Li Hongyi (李宏毅, born 26 June 1998) is a Chinese actor and singer. He is best known for his roles in the dramas Master Devil Do Not Kiss Me (2017), My Love from the Ocean (2018), Love Better Than Immortality (2019), Prodigy Healer (2019), The Blood of Youth (2022–2023), and Wulin Heroes (2023).

==Early life and education==
Li Hongyi was born on 26 June 1998 in Shenyang, Liaoning, China. He is a graduate of the Beijing Contemporary Music Academy.

Li was a former trainee of SM Entertainment. His training in South Korea was only for three months, but due to various reasons, he opted to resign and return to China to continue his studies.

==Career==
===2014: Career beginnings===
In 2014, Li made his acting debut in the sitcom Sister Knows. He was then cast in the fantasy web drama Intouchable.

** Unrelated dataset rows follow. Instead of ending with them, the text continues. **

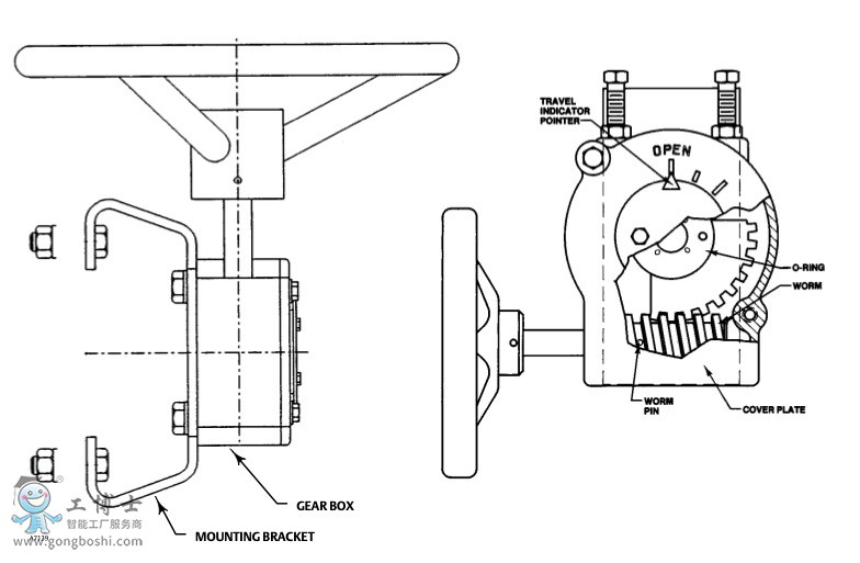 作。 M 系列執行機構由機體外殼、蓋、渦輪、輸入軸和手輪組成,并且機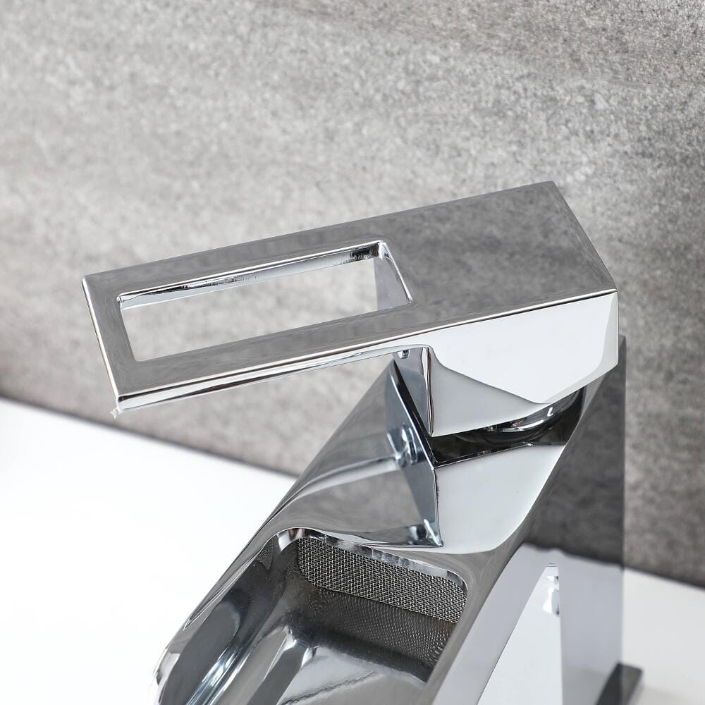 Realizzato in ottone massiccio per una durata garantita, questo rubinetto per lavabo presenta un erogatore aperto, che crea un rilassante effetto cascata e una finitura cromata resistente che si adatta a qualsiasi arredamento del bagno. La maniglia a leva singola fornisce un controllo senza sforzo del flusso e della temperatura, mentre la tecnologia del disco in ceramica previene perdite e gocciolamenti.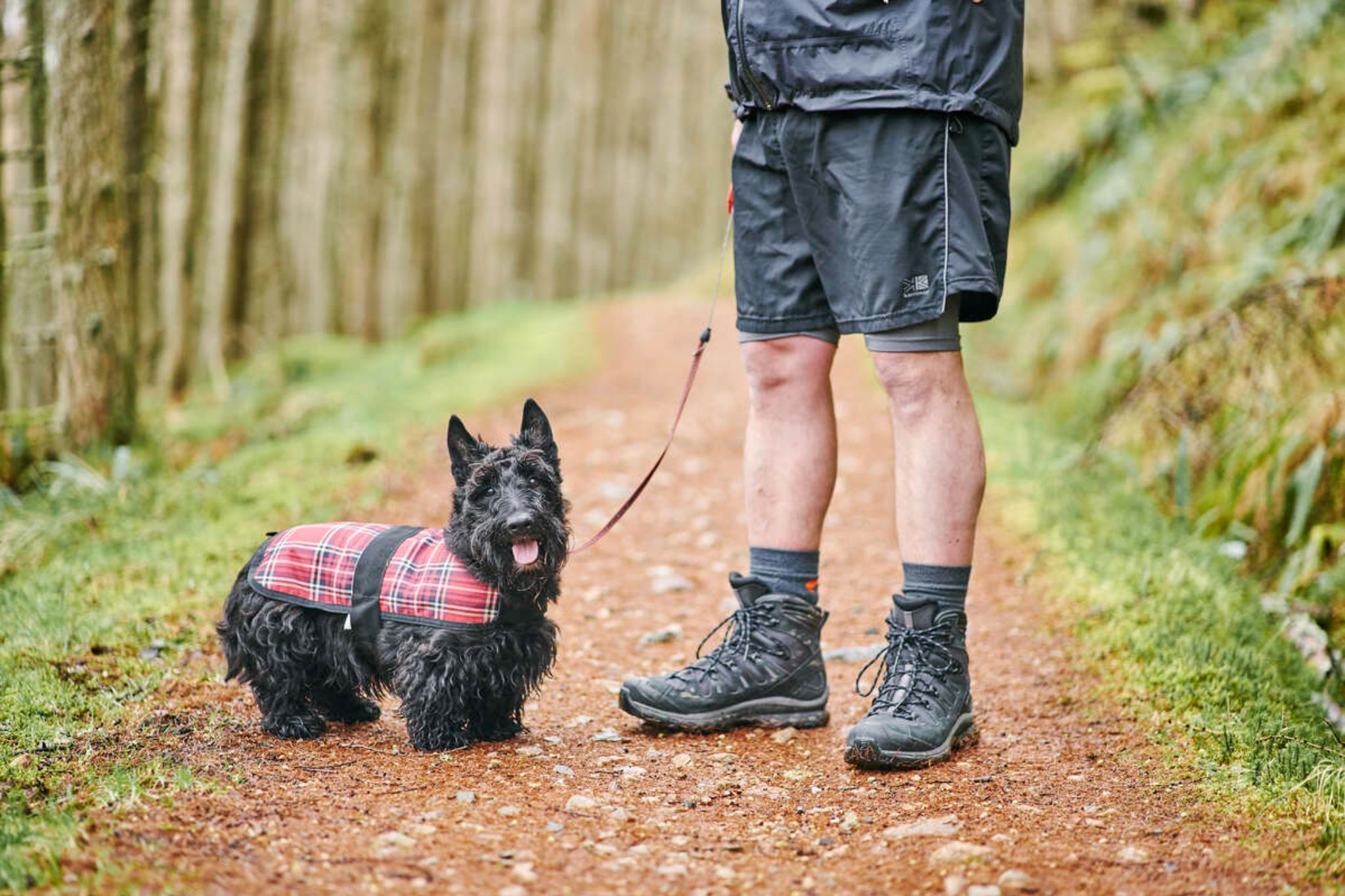 A Scottish terrier being walked along a countryside path

===2016–present: Rising popularity===
In 2016, Li made his big screen debut in the youth romance film Yesterday Once More. The low-budget film was a box office hit, and led to increased recognition for Li. In just three days, the box office has exceeded the 100 million yuan mark.

In 2017, Li played the lead role in the romance comedy series Master Devil Do Not Kiss Me together with Xing Fei. The web drama was a hit and led to increased popularity for Li. The first season broke through 100 million views in 5 days, and the second season broke through in just 50 hours.

In 2018, Li starred in the fantasy romance web series My Love From the Ocean, breaking 100 million views in two days and in the sci-fi web drama 24 Hours.

In 2019, Li was cast in the fantasy period drama Prodigy Healer, and historical romance drama Love Better Than Immortality, both of which he co-starred with actress Zhao Lusi.

In 2020, Li starred in the workplace romance drama Parallel Love. The same year he was cast in the historical drama Winner Is King, adapted from the BL novel Sha Po Lang by Priest.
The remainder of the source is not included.